Muslim, Catholic, and some local Orthodox leaders attempted to encourage tolerance and peace in the religious and political spheres.

Section IV. U.S. Government Policy

The U.S. Government discussed religious freedom issues with the U.N. Special Envoy for the Kosovo status talks, UNMIK, the PISG, and religious representatives and sought to promote ethnic and religious tolerance. Religious freedom continued to be a critical issue in the resolution of Kosovo's final status, both for the long-term viability of the Serb community as well as for the security of Serbian Orthodox religious sites. U.S. officials also maintained close contacts and met regularly with religious leaders of the Serbian Orthodox, Muslim, Catholic, and Protestant communities to discuss their concerns and to promote interfaith dialogue. Mufti Ternava, leader of the Kosovo Islamic Community, visited the United States on a Voluntary Visitors program in April 2007.

U.S. officials continued to urge dialogue between members of the Serbian Orthodox Church in Kosovo and ethnic Albanian members of the PISG. The U.S. Government continued to support UNMIK and the PISG in rebuilding religious buildings damaged in the 2004 interethnic riots and to intervene actively with PISG officials on behalf of SOC interests when SOC rights were threatened or violated.

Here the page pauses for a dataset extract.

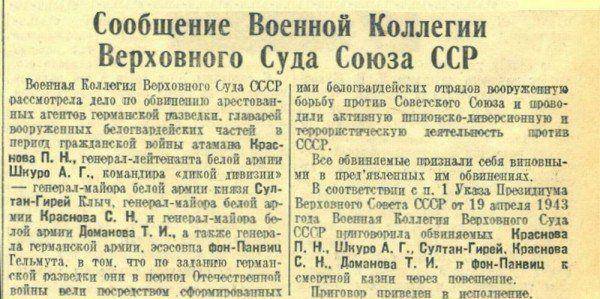 Напомним, в годы Второй мировой войны Шкуро вместе с бывшим донским атаманом Красновым принял сторону Германии.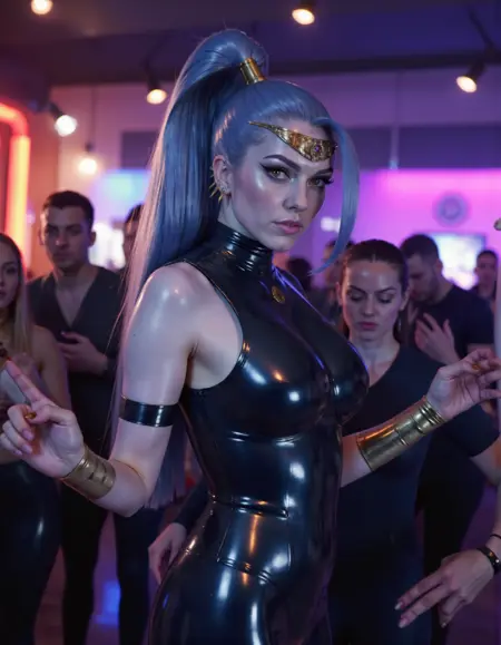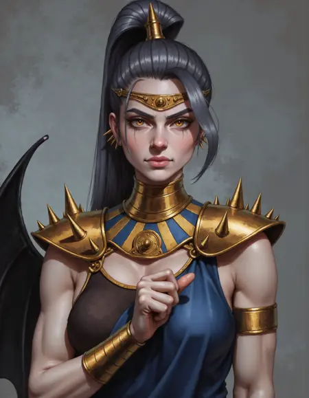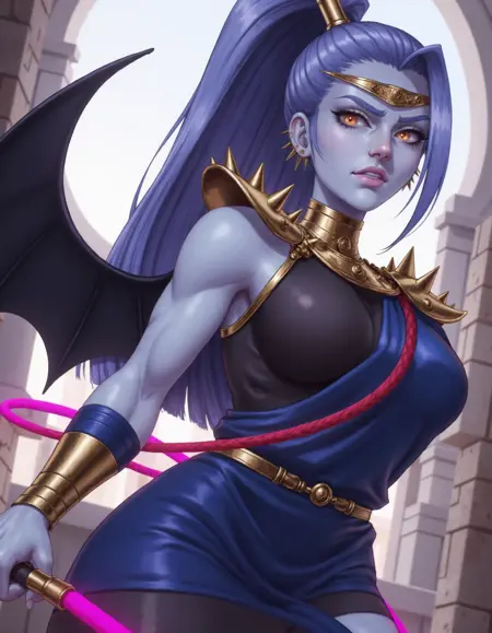 트리거 단어는 '메게라. 그녀는 옅은 파란 피부와 날카로운 노란 눈을 가지고 있으며, 날카로운 단일 날개를 지녔다. 그녀의 머리는 같은 파란색으로 된 인상적인 높은 토끼꼬리 모양의 머리카락이며, 등뒤로 흘러내린다.' 또는 그녀의 일반적인 특징을 충분히 포함하는 내용.

U.S. KFOR peacekeeping troops worked to prevent ethnic and religious violence in Kosovo and guarded religious sites.

The U.S. Government remained actively engaged with UNMIK, whose goal is to secure peace, facilitate the return of the displaced, lay the foundations for democratic self-government, and foster respect for human rights regardless of ethnicity or religion. The U.S. Department of State continued to fund 220 American police officers assigned to UNMIK's civilian police contingent and provided substantial support to KPS, both of which worked to prevent ethnic and religious violence. U.S. diplomats worked with U.S. military personnel assigned to KFOR to protect religious sites in the U.S. military's area of responsibility and actively promoted efforts to reconstruct damaged or vandalized churches. U.S. government representatives intervened to protect the integrity of the Decani SZA and encourage repair of St. John's Church in Peja. The U.S. Government granted one million dollars to UNESCO's large-scale effort to preserve cultural heritage in Kosovo. For the period from September 2006 to August 2007, the Department of State committed $3.8 million in funding for programs for returning Muslim and Orthodox Roma, Orthodox Serbs, Muslim Bosnians, and other minority communities who fled ethnic violence in the aftermath of the 1998-99 conflict.

Many high-level U.S. government and military officials continued to visit in conjunction with the final status process and met with political and religious leaders to assess the situation and urge reconstruction and progress toward a multiethnic Kosovo.